Re: Inquiry about the f_tcm: Enhance UASP driver work

Thinh Nguyen <Thinh.Nguyen@xxxxxxxxxxxx> · Sat, 23 Nov 2024 00:02:10 +0000

On Fri, Nov 22, 2024, Michał Pecio wrote:
> Hi,
> 
> > > I tried to use it on dwc3, though I fix some other problems, the host side xhci
> > > (ubuntu client) using fio for stress testing, and I encountered the following
> > > error on host:
> > > [18836.092159] xhci_hcd 0000:00:0d.0: Transfer error for slot 3 ep 1 on
> > > endpoint
> > > [18836.092211] sd 0:0:0:0: [sda] tag#11 data cmplt err -71 uas-tag 1 inflight:
> > > CMD
> > > [18836.092213] sd 0:0:0:0: [sda] tag#11 CDB: Write(10) 2a 00 02 5e 31 00 00 01
> > > 00 00
> > > .....more and mores....
> > > [18867.369118] scsi host0: uas_eh_device_reset_handler start [18867.453796] usb
> > > 2-3.2: reset SuperSpeed USB device number 4 using xhci_hcd
> > > and the gadget side is keep resetting configfs and printing wait_for_completion
> > > timeout (since dwc3 have )
> > > 
> > > I am not sure whether this is due to the stream exception of dwc3 or some
> > > logical in f_tcm and target.
> > 
> > The error is -71. This is transaction error (could be a CRC error). It
> > could be due to the host, device hardware, electrical interference, or
> > even the cable. No logical issue from software.
> 
> A transaction error is a transaction error, but waiting 30 seconds for
> UAS to reset the device afterwards looks wrong. I seem to recall seeing
> sporadic transaction errors which triggered the reset instantly.

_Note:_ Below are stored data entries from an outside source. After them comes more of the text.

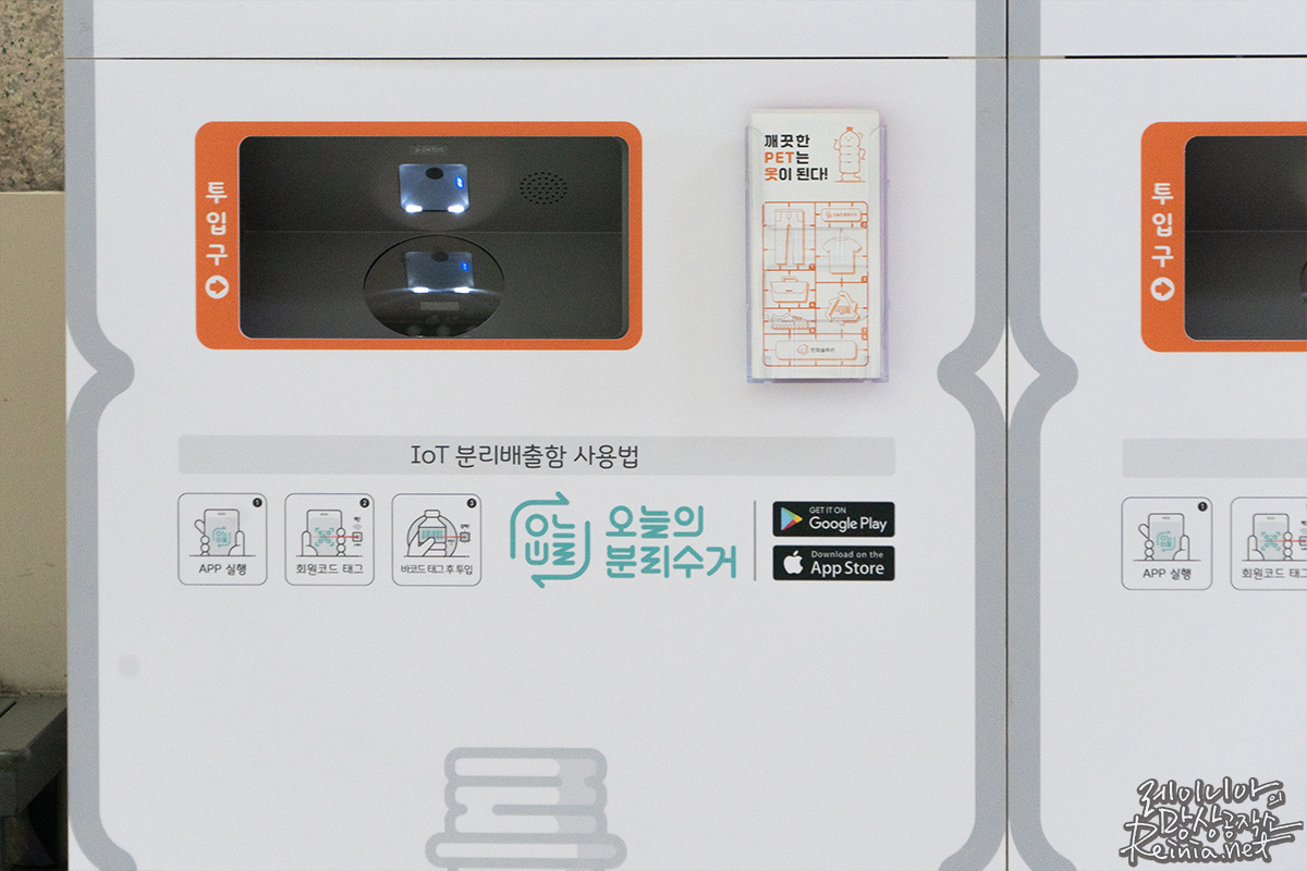 마침 수박 주스와 포카리스웨트를 마신 후 빈 페트병이 있어서 빈 페트병 두 개를 들고 직접 시도해봤는데요. 가장 먼저 해야 할 일은 '오늘의 분리수거' 앱을 설치하는 것이었습니다. 앱스토어와 구글 플레이스토어 모두에서 받을 수 있는데요. 저는 문제가 있는지 실제 진행했을 때 아이폰에선 잘 진행되지 않더라고요. 안드로이드 기기를 이용해 진행할 수 있었습니다.
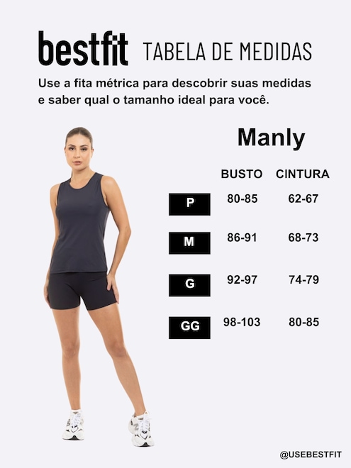 A Blusa Regata Manly Básica Feminina é a escolha ideal para quem busca liberdade, conforto e um visual clean durante os treinos ou no dia a dia. Com alças largas, corte solto e tecido leve que respira com você, ela garante máxima mobilidade sem abrir mão do estilo. A tag metálica nas costas adiciona um toque sofisticado ao design minimalista. Garanta já a sua e experimente o essencial que faz a diferença! Especificações: Alça larga. Corte solto. Material leve e respirável. Tag metálica nas costas. Benefícios: Alças largas que oferecem mais firmeza e segurança durante os movimentos. Corte solto que proporciona liberdade total e conforto prolongado. Tecido leve e respirável, ideal para treinos intensos ou dias quentes. Detalhe metálico que eleva o visual básico com sofisticação. Peça versátil para academia, caminhada ou composições casuais. Composição: 100% Poliamida. Cuidados e Conservação: Lavar à mão ou na máquina em ciclo delicado. Evitar alvejantes e produtos abrasivos. Secar à sombra, sem torcer. Não passar ferro diretamente sobre o detalhe metálico. Evitar superfícies ásperas para preservar o tecido.
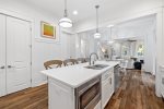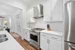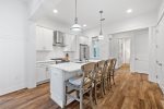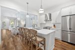 As you enter through the front porch, you're welcomed by a comfortable living room sofa and chairs. The gourmet chef's kitchen features stainless steel appliances, a gas range, and eat-in island seating with bar stools to accommodate 4.
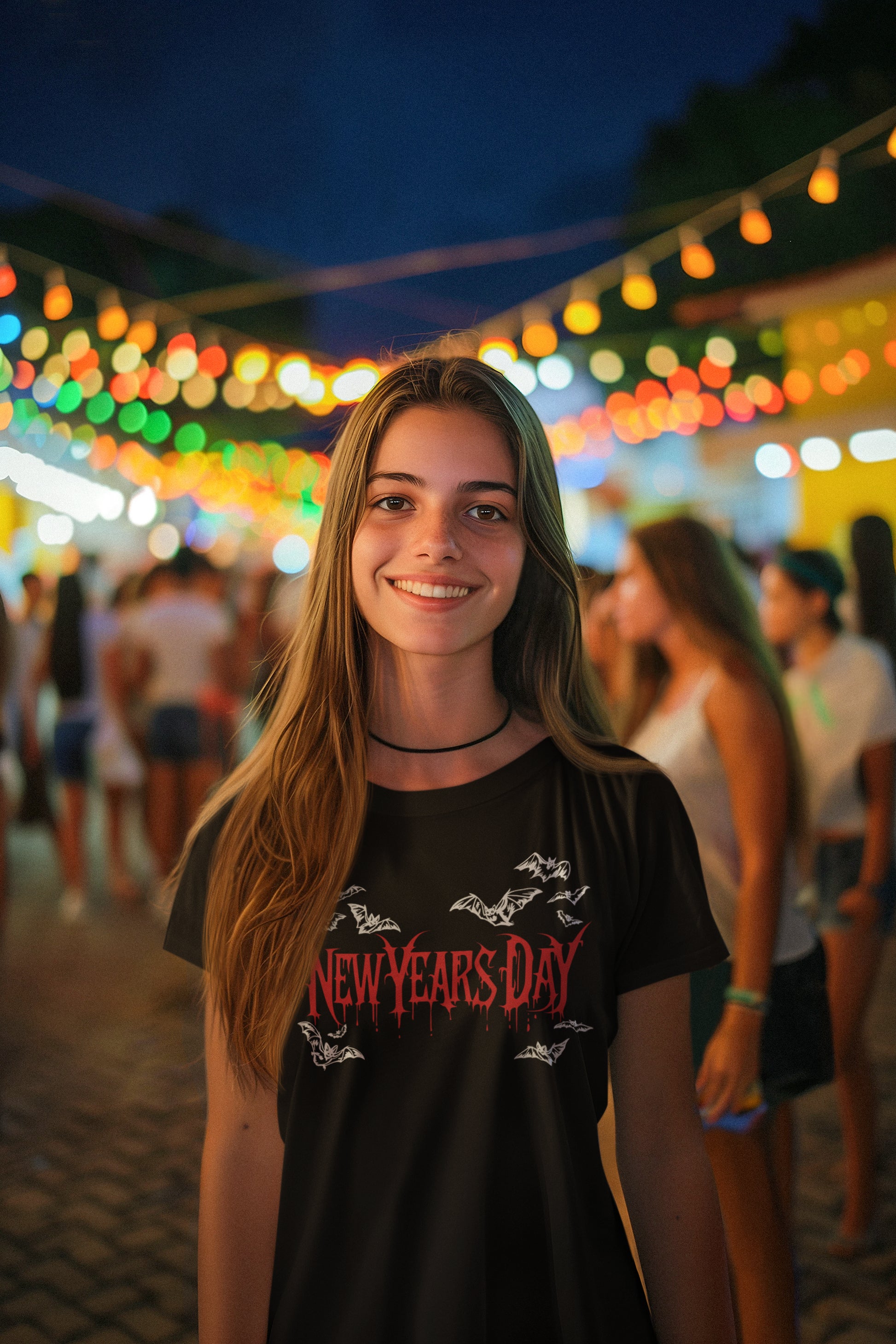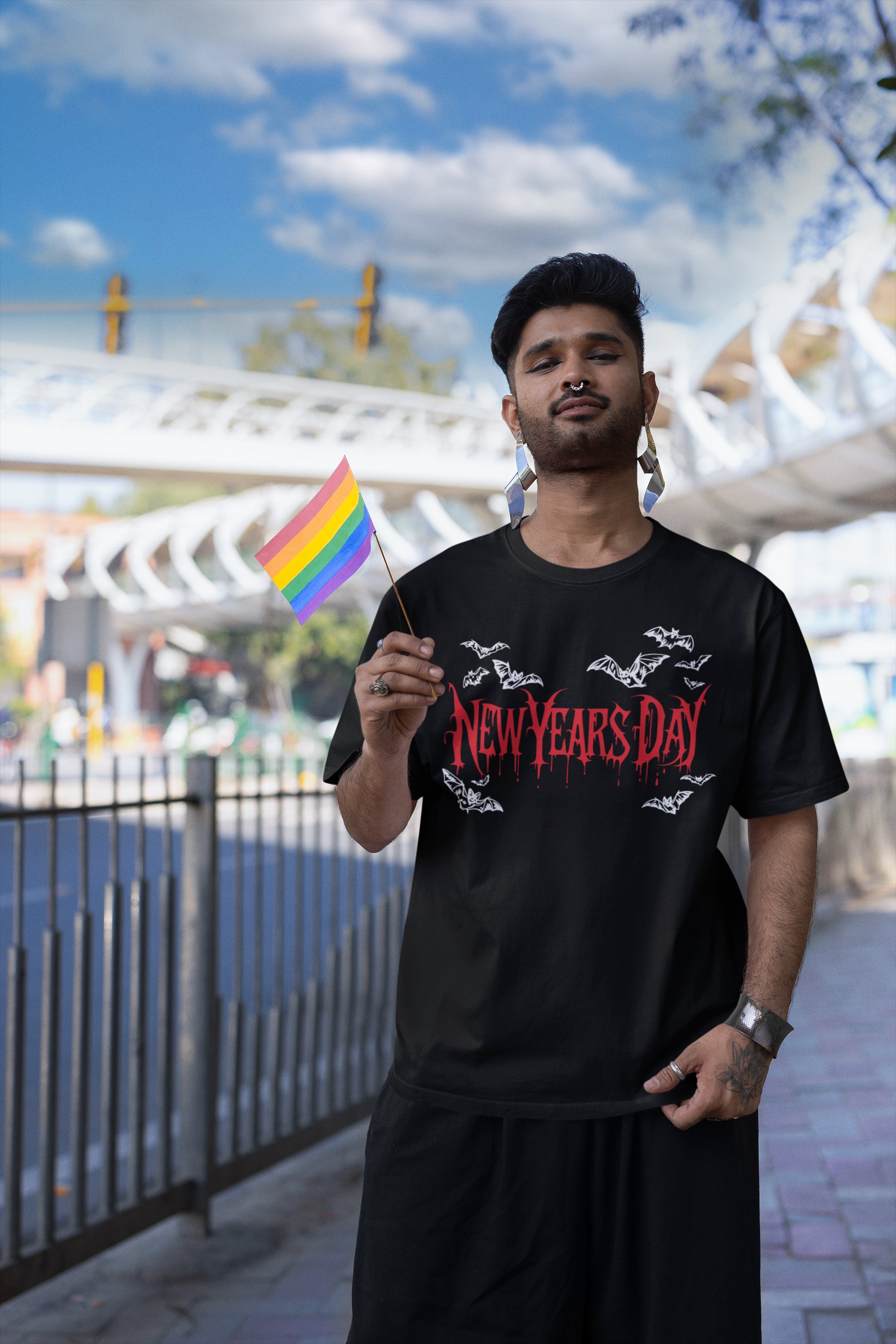 Get ready to celebrate the New Year with an edge in this unique gothic-style hoodie. Featuring bold, dripping red text that reads 'New Years Day', surrounded by white bats in flight, this sweatshirt brings a dark, mysterious vibe perfect for fans of gothic fashion and alternative holidays.
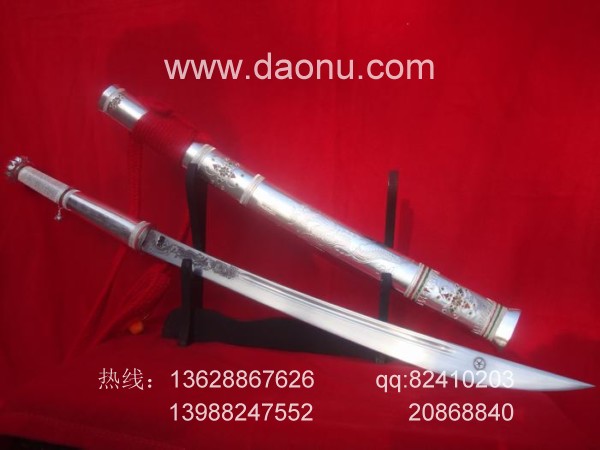 此宝刀是户撒民族传统款式,此类刀具也是阿昌、景颇、傣等民族最喜爱的一种传统刀式,每逢节日或家有喜事成年男子必要佩戴,以示庆贺;更因做工精细,外观精美,早已成为馈赠与收藏的贵重民族手工艺品,深受大家喜爱!其市场价格高昂。鉴赏要点:此刀纯银刀装,刀装采用99纯银皮手工雕刻制作,刀鞘用银完全不计工本,包厚银(大家注意此刀装上雕龙,如果银用的少了那条龙是没法雕的)此刀用银在8.4两(当地一两为37克)。纯银所包木料也是名贵缅甸红酸枝,这点也有别于其他家所制银刀,刀条采用乔发精选军用弹簧钢打制而成,为传统苗刀和平头刀样式(非户撒普通银刀,普通银刀刀条宽度仅为3厘米左右),刃口坚硬,可砍铁过竹,刀鞘手感沉重,市场价格高仰,(比赛收藏级可砍铁过竹)
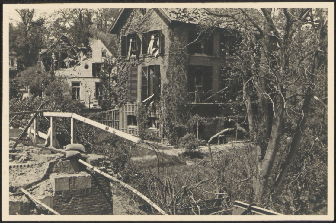 Zie ook 1183_1014 en 1183_1147: kapotgeschoten huis met op de voorgrond een deel van de Grebbesluis aan de voet van de Grebbeberg in Rhenen.

That's not what happening. I don't recall the storage class handles
transaction error as such. It just waits for the scsi command timeout.

> 
> Long delays I have seen mainly on some unfortunate pairings of HC and
> device (HW bugs?) which trigger unusual error conditions poorly handled
> by xhci_hcd. Try with dynamic debug on handle_transferless_tx_event(),
> if your kernel is recent enough for that to be a separate function.

No, this delay is not a HW bug. When there's transaction error, the xHCI
driver will reset the endpoint. The packet sequence number is reset and
out of sync with the device. The next packet cannot proceed until
there's some sort of recovery. There's no usb_clear_halt() or port reset
immediately after a -EPROTO. The only recovery (port reset) will happen
is after a timeout.

> 
> In those cases, UAS seems to wait for other streams to complete before
> resetting, but the whole endpoint is stopped and nothing moves forward.
> At least that's the impression I got, I was looking at other things.
> 
> If you aren't running into this case, I would say something may be wrong
> with UAS implementation on one or the other side.
> 
> It looks like the transaction error was delivered to UAS by means of
> -EPROTO status so xhci_hcd has done its job at least for this one URB.
> No idea what happened later and why the device wasn't reset promptly.
> 

The host doesn't tell the device to reset until after a timeout. There's
no sync'ing mechanism, so it wouldn't know how to recover. All it can
tell from the device side is it's waiting for the transfer to complete.
Perhaps this can be enhanced in the future in the storage class driver
regarding -EPROTO recovery.

BR,
Thinh